» **EXERCISE DIRECTIONS**
In the data below, locate the line containing "0.23×0.9),三是小数乘法运算定律的应用(如乘法分配律的简便计算),每套题量为 100 题,搭配时间、成绩记录栏。" and the line containing "Сережки гуччи в", then retype both and everything between them exactly. Pictures are not part of the copy.

» **INPUT DATA**
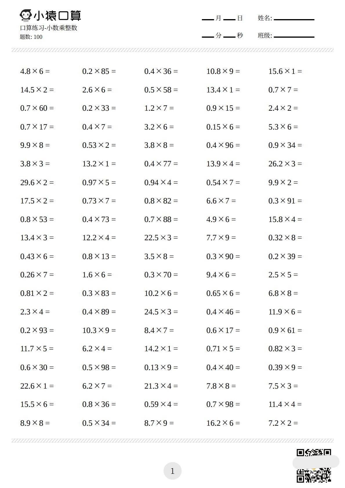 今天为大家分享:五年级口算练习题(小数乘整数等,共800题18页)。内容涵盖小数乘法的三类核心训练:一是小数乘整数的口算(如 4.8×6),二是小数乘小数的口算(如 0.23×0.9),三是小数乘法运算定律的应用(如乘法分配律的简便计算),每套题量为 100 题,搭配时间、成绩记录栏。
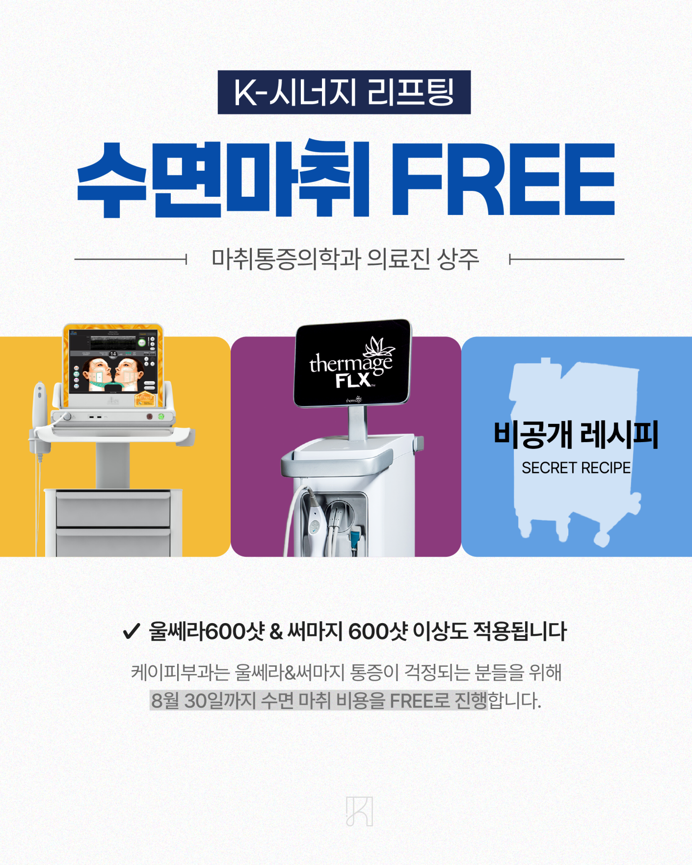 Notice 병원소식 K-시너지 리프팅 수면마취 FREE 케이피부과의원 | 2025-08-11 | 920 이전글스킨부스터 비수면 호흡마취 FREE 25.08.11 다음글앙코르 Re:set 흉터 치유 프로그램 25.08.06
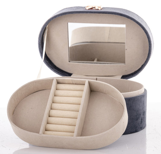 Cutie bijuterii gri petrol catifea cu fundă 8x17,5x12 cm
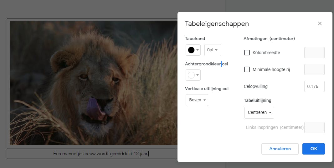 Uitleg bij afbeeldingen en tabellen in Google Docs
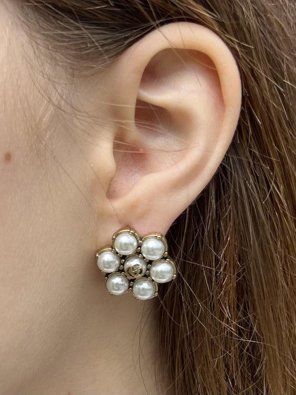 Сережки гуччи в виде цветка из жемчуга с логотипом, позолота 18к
...
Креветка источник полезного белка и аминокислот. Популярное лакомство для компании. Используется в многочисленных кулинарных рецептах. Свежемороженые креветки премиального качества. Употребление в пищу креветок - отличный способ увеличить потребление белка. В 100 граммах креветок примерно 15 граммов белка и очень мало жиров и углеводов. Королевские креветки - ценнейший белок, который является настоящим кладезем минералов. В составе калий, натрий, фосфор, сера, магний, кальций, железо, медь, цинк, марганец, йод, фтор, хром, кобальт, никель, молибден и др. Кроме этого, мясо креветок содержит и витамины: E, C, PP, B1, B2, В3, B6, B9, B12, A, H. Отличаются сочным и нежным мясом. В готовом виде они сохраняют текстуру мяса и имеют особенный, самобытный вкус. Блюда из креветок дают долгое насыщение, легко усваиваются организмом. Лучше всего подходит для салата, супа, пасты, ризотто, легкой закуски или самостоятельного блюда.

» **RESPONSE TO THIS TASK**
 今天为大家分享:五年级口算练习题(小数乘整数等,共800题18页)。内容涵盖小数乘法的三类核心训练:一是小数乘整数的口算(如 4.8×6),二是小数乘小数的口算(如 0.23×0.9),三是小数乘法运算定律的应用(如乘法分配律的简便计算),每套题量为 100 题,搭配时间、成绩记录栏。
 Notice 병원소식 K-시너지 리프팅 수면마취 FREE 케이피부과의원 | 2025-08-11 | 920 이전글스킨부스터 비수면 호흡마취 FREE 25.08.11 다음글앙코르 Re:set 흉터 치유 프로그램 25.08.06
 Cutie bijuterii gri petrol catifea cu fundă 8x17,5x12 cm
 Uitleg bij afbeeldingen en tabellen in Google Docs
 Сережки гуччи в виде цветка из жемчуга с логотипом, позолота 18к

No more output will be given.